Table 7 Parameters of the proposed method

The performance measure of our proposed method compared with those reported in the literature [1, 2, 15] is shown in Table 8. Experimental results show that the proposed methodology can effectively recognize the maize diseases.

Table 8 Comparison of our proposed method with other methods

In [1, 2, 15], the experiments are carried out with lesser number of images only and those images were collected from various sources.
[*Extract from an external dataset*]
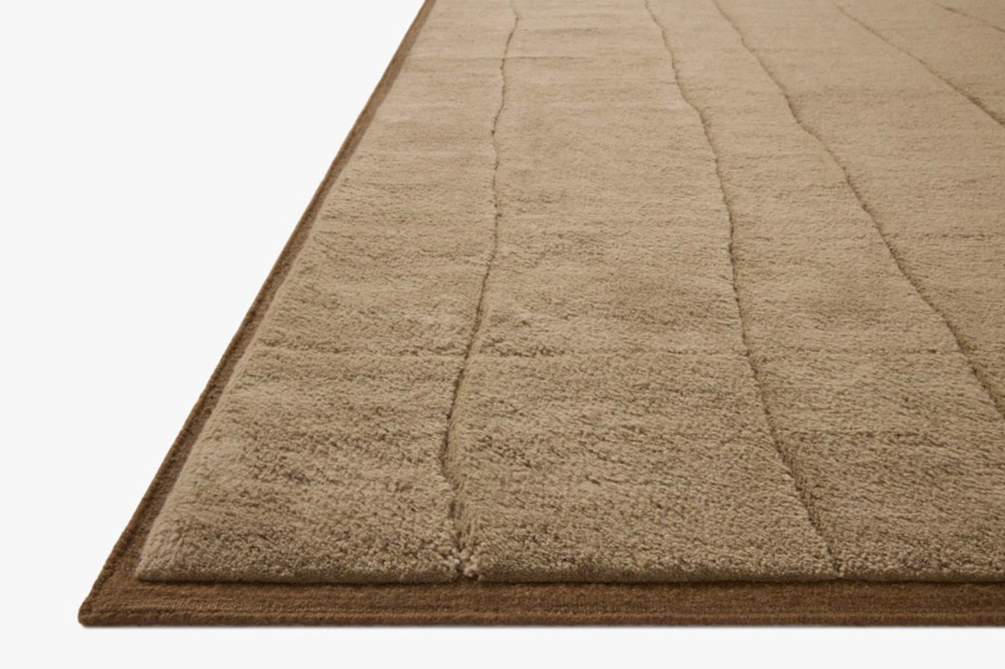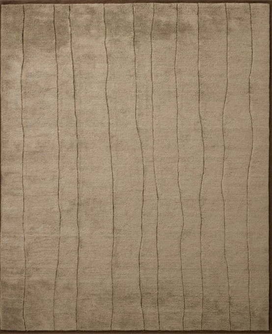 The Bracken Collection is an exceptionally plush area rug with organic, linear patterns made by drop-stitching, designed by Leanne Ford x Loloi. Available in creamy neutrals and rich earthy tones, Bracken is framed by a flatweave border that emphasizes the depth of the pile. This collection is hand-knotted in India and GoodWeave-certified, ensuring our commitment to ethical production and the support of weavers' communities. Due to the thick-cut wool, some shedding is expected; we recommend vacuuming frequently without a beater bar.
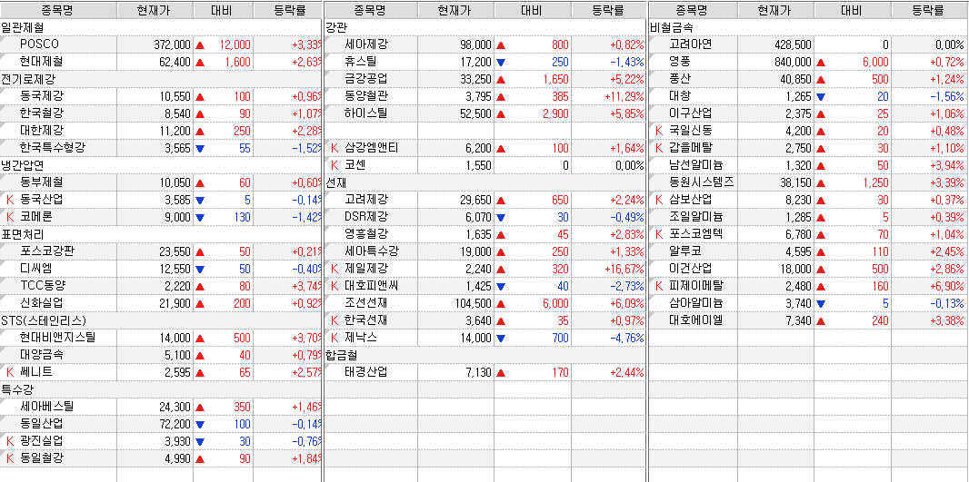 철강 비철금속 업체 주가 동향 (11일 종가 기준)

In our work, we have used images only from the PlantVillage dataset. We have carried out the data augmentation and worked with a total of 4365 images.

4 Conclusion

A deep convolutional neural network (CNN)-based architecture (Modified LeNet) for the classification of maize leaf disease is proposed, and its usage has been explored in detail. This method focuses on classifying the various diseases of maize leaves by learning the local and global features together. Also, in this paper we have studied the potential efficiency of the LeNet architecture for plant leaf disease classification by varying the parameters like kernel size and depth. From this study, we infer that kernel of size 3 × 3 is better suited for maize leaf disease classification. Further, this proposed CNN can also be used for other plant leaf disease classification.